247 - A Agência Nacional de Energia Elétrica (Aneel) alertou nesta quarta-feira (29) sobre o aumento expressivo nos encargos setoriais e subsídios que impactam a tarifa de energia elétrica no Brasil. De acordo com o diretor-geral da Aneel, Sandoval Feitosa, os encargos cresceram 300% nos últimos 15 anos. Ele ressaltou que, ao longo desse período, não foi aprovado nenhum projeto que promovesse uma redução estrutural na tarifa de energia.

Feitosa abordou o tema durante o evento “Redes do Amanhã”, realizado pela Exame e PSR, e destacou a pressão dos custos sobre as tarifas. Ele detalhou que a tarifa de energia elétrica é composta por diversos fatores, como os custos financeiros, encargos setoriais, transmissão e geração de energia, que afetam as revisões e reajustes periódicos. A Conta de Desenvolvimento Energético (CDE), que concentra diversos subsídios, é apontada como o principal fator de pressão sobre os preços.

O orçamento proposto para a CDE em 2026 totaliza R$ 52,7 bilhões, sendo R$ 47,8 bilhões provenientes das tarifas pagas pelos consumidores. Embora o governo tenha conseguido estabelecer um teto para o crescimento dessa conta setorial no ano passado, esse limite foi considerado elevado por entidades de defesa dos consumidores.

Além dos encargos setoriais, Feitosa também observou o aumento nos custos de geração de energia, que continuam a impactar o setor.
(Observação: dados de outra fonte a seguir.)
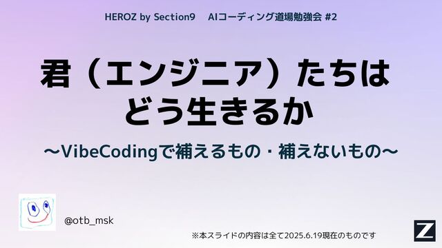 君(エンジニア)たちはどう生きるか~VibeCodingで補えるもの・補えないもの~ VibeCodingで開発してみて、この先の開発を取り巻く現場、企業、組織ってどうなっていくのかな、という点に考えを巡らせました。 楽しく生き抜いていきたいものです。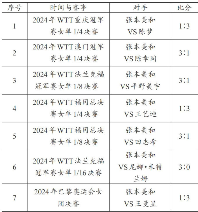 世界优秀女子乒乓球运动员张本美和技战术分析
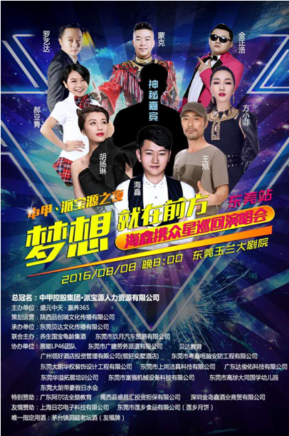 “中甲•派宝源之夜”梦想就在前方海鑫携众星巡回演唱会东莞站将于2016年8月8日晚8时在东莞玉兰大剧院正式开唱,届时将有星光大道年度亚军王旭、中国内地女歌手胡扬琳、星光大道最受欢迎女歌手方小菲、“花儿朵朵”红歌榜赛区”全国总决赛冠军郝亚青、“百变歌王”蒙克、中国鸟叔第一人金正浩、实力唱作歌手罗艺达等明星倾力助阵。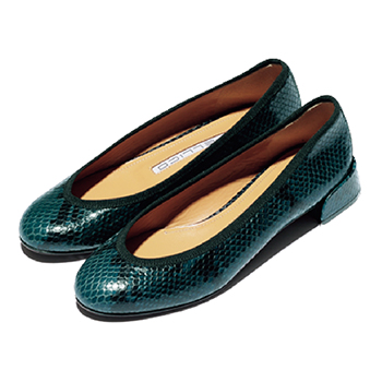 ブルーパイソン柄バレエシューズ(3) 64,900円/ペリーコ(アマン) 辛口要素の強いパイソン柄に挑戦しやすい、ミニマルなシェイプのバレエシューズ。可愛らしい形でキレのいい色・柄のアンバランスさが、シンプルなドレスやスカートを凝って見せるひとクセに。
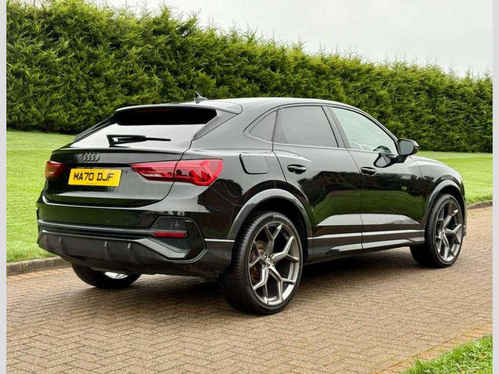 September 2020 Audi Q3 Sportback 40TDI Quattro Edition 1 S-Tronic in Mythos Black. Full Service History & MOT'd to November 2026. Loaded with spec including Full Leather Interior, Heated Seats, Virtual Cockpit, Flat Bottom Steering Wheel, 3D Navigation System, Bang & Olufsen Sound, Bluetooth, Cruise Control, LED Daytime Running Lights, Privacy Glass, Black Pack, DAB Radio, Central Armrest, Dual Climate Control etc. Fitted with Brand New 21" Alloys & Tyres (Optional Extra £1295) FINANCE AVAILABLE AT KEEN RATES Viewing by Appointment Only Please 1 x USB-C and 1 x USB-A Port with Charge, 20in Alloy Wheels - 8.5J 5-Twin-Spoke - , 4-Way Electric Lumbar Support, 6 Passive Loud Speakers, 6-Airbag System, Adjustable Rear Seat Bench-Backrest with, Aluminium Look Interior Elements, Anti Theft Locking Wheel Bolts, Anti-Theft Alarm, Audi Beam, Audi Connect Infotainment Services Plus , Audi Connect Safety and Service - e-call, Audi Drive Select, Audi Matrix LED Headlights with Dynamic , Audi Pre-Sense Basic, Audi Pre-Sense Front with Pedestrian and, Audi Side Assist, Audi Smartphone Interface includes Wirel, Audi Virtual Cockpit Plus, Auto Dimming and Frameless Rear View Mir, B and C-Pillar Trim in High-Gloss Black, Black Styling Package, Blue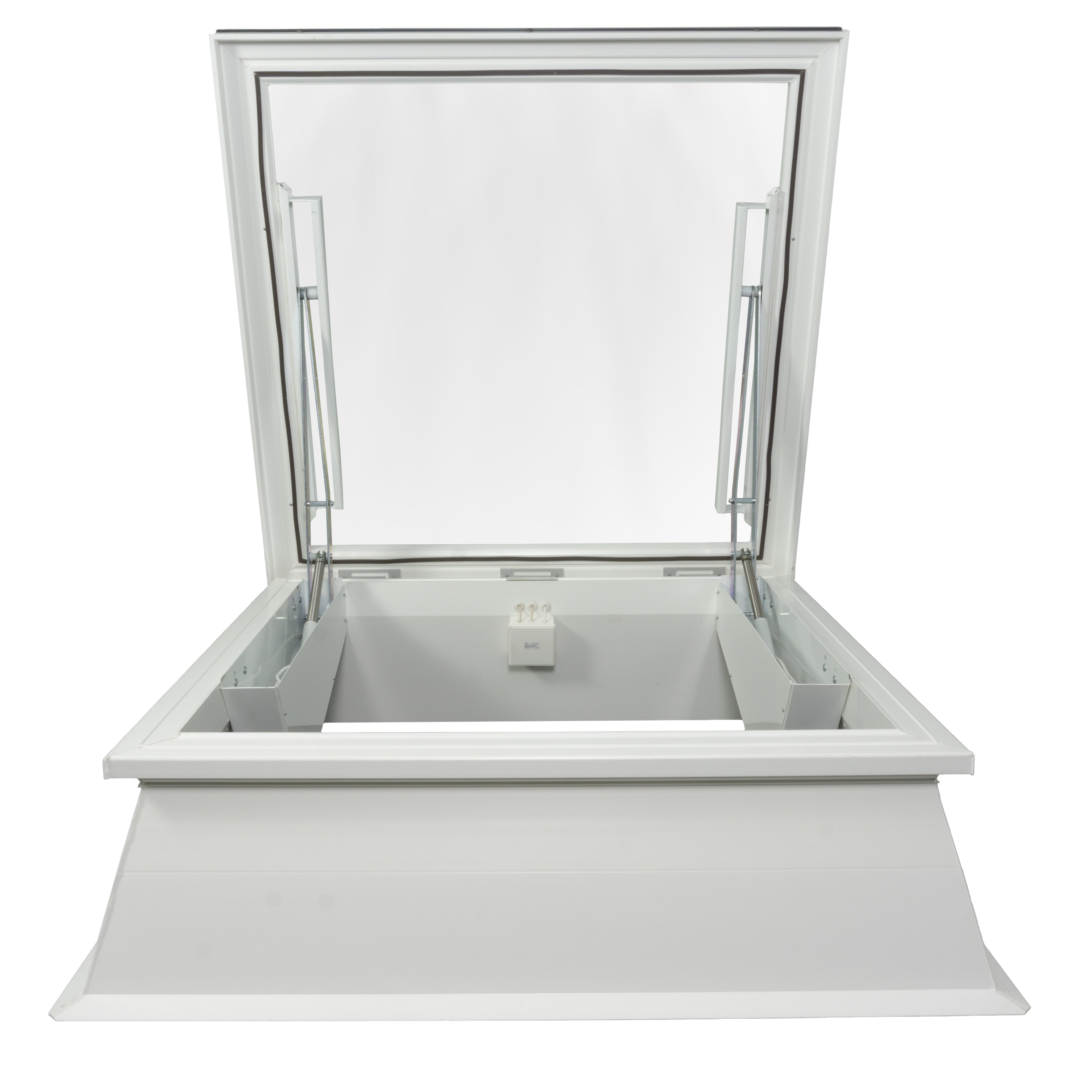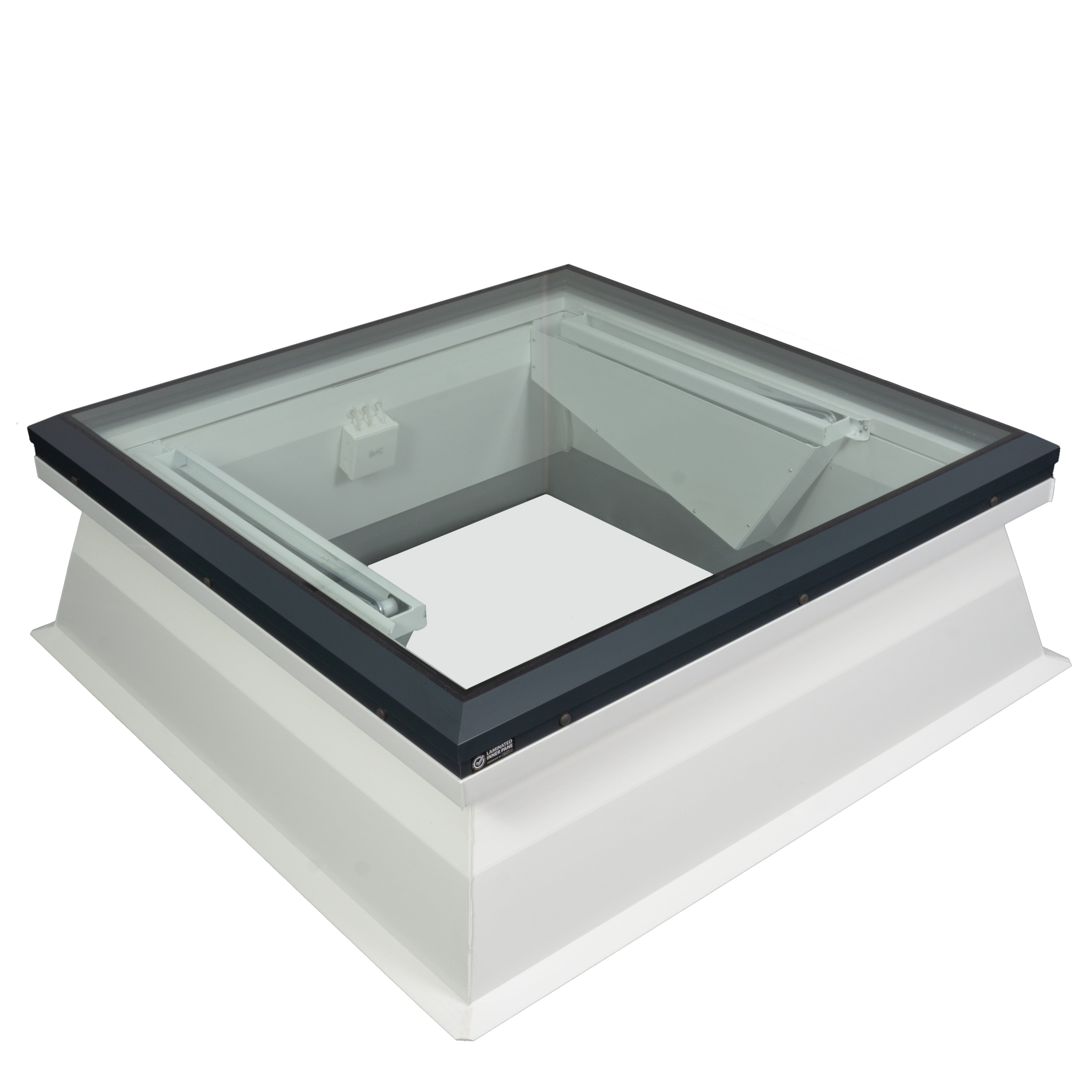 The versatile Flat Glass Rooflight range can be configured as a powered Access Hatch, providing safe, convenient access to roof areas for maintenance or to open up roof spaces for terraces and roof gardens. Each unit is supplied fully assembled and ready to install, complete with a PVC kerb, 24 V tandem actuators, and the option of a 230 V transformer, wind and rain sensor for enhanced functionality and weather protection.

Ele alertou para o efeito do leilão de reserva de capacidade e a expansão do sistema, que devem continuar elevando os custos da geração de energia.

No Congresso Nacional, o Instituto Acende Brasil está monitorando ao menos 15 projetos de lei com potencial impacto tarifário. Essas propostas podem criar novos encargos ou ampliar subsídios, como fundos para infraestrutura, substituição de redes elétricas aéreas por subterrâneas e outras obrigações para distribuidoras.

Por outro lado, o deputado Arnaldo Jardim (Cidadania-SP) propôs um novo projeto de lei complementar (PLP 100/2026), que visa estabelecer um novo marco regulatório para o setor elétrico. A proposta, inspirada na Lei de Responsabilidade Fiscal (LRF), sugere regras mais rígidas para controlar o crescimento dos encargos e subsídios financiados pela tarifa de energia elétrica.

Feitosa apoiou a aprovação desse projeto de lei, que, segundo ele, poderia trazer um alívio significativo aos consumidores, ao promover uma revisão sistemática dos subsídios e políticas tarifárias.